Logo e sucintamente, seria o caso de questionar se meras atitudes episódicas e casuísticas, na base da tentativa e erro, no sentido de dar mais celeridade e credibilidade à prestação jurisdicional, trarão algum resultado, além de, muito provavelmente, exacerbarem esse sensação e esse sentimento, absolutamente desastrosos para o país, de que, aqui, não somente não se cumpre a lei, como não parece possível, a ninguém, fazê-la cumprir.
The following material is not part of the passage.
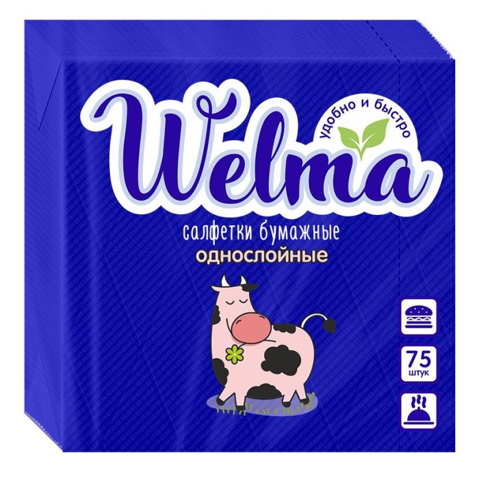 Салфетки бум. стол. 24х24см 1 слой (75л/уп) WELMA (насыщенные тона)
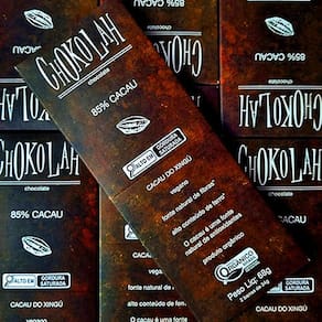O chocolate 85% cacau com açúcar demerara orgânico chokolah é feito com cacau trinitário fino e raro do xingu, oferecendo uma experiência sensorial única com notas terrosas e frutadas.

Domingos Fernando Refinetti

é advogado, sócio do escritório WZ Advogados e membro da OAB, da International Bar Association, da Turnaround Management Association do Brasil e do IBR (Instituto Brasileiro de Estudos de Recuperação de Empresas).

analucia disse:
27 de setembro de 2008 às 08:42

Há como controlar sim, basta ser mais criterioso na concessáo de justiça gratuita e acabar com o adiantamento de custas, ficando ao final do processo para o juiz analisar a condiçao financeira. Com isso haveria melhor triagem e acabaria com as aventuras jurídicas quando as pessoas fossem cobradas das custas e despesas.

Reinhardt disse:
27 de setembro de 2008 às 11:33

Que sublide infeliz.Afinal,a unica corrida bem administrada é a de cavalos . Não se pode querer limitar o exercicio de nenhum direito,especialmente de ir a juízo. Isto é o mesmo que reclamar ao bispo.

AVS disse:
27 de setembro de 2008 às 20:43

O que o colega chamou a atenção é muito importante. O que tem que ser administrado não é o acesso à justiça, com medidas de vedação, seja à justiça gratuita (o que seria inconstitucional, diga-se) ou à recursos (como o episódio da irrecorribilidade da decisão que converte o agravo de instrumento em retido, que é um convite à arbitrariedade judicial), para citar alguns exemplos.
O que deve ser feito é a disciplina da sociedade quanto à valorização dos seus institutos jurídicos.
E quem deve dar o exemplo é o próprio Estado, que é o campeão nos abusos.
Se o Estado é o grande caloteiro ao não honrar seus precatórios, e se justifica como representante do "interesse público", como os cidadãos irão respeitar as leis? Não é mais fácil seguir o exemplo do Estado caloteiro?
E o pior é que este, que pode ser considerado o grande problema jurídico do Brasil, nunca é tratado!!

LUÍS disse:
28 de setembro de 2008 às 00:24

Está correta a Justiça é uma máquina para rolar a dívida do Estado para com o particular, mas também é uma máquina para rolar a dívida dos particulares para com o Estado. O aumento da demanda possui inúmeros motivos: maior acesso à justiça, melhoria da educação, progresso do país, aumento do setor de serviços, etc... Mas existe uma indústria de burocracia por trás de tudo isso. O autor do texto foi feliz em apontar a descrença nas leis, mas há também a situação de que o Poder Judiciário é uma máquina que gera renda a muitos. Conjugando todos esses fatores, percebe-se que não adianta somente melhorar as leis processuais e a administração da justiça, mas também seria preciso diminuir a litigiosidade através da mudança do direito material. Por exemplo, o direito do trabalho. Existe uma absurda quantidade de normas que dão ensejo a milhares de controvérsias. Centenas de penduricalhos que tem por objetivo onerar a folha de pagamento, ao invés do empregado acostumar-se com poucos direitos mas que representassem, de fato, uma remuneração substancial. Criam-se Varas e Tribunais, ao invés de simplifcar as leis. E isso gera uma indústria financiada pelo povo, empregando juízes, servidores, peritos, advogados, profissionais de educaçao, bancos, livrarias, etc... O mesmo se diga do direito tributário e penal. Infelizmente, esse Monstro que é o Judiciário, tende a crescer.

Enos Nogueira disse:
01 de outubro de 2008 às 15:10

Pena que o colega que postou o comentário às 15:07 (advogado autônomo)não se identificou, pois gostaria de parabenizá-lo. O seu comentário está corretíssimo, pois as indenizações que são pagas a título de dano moral fazem com que os mau empresários continuem a burlar a lei.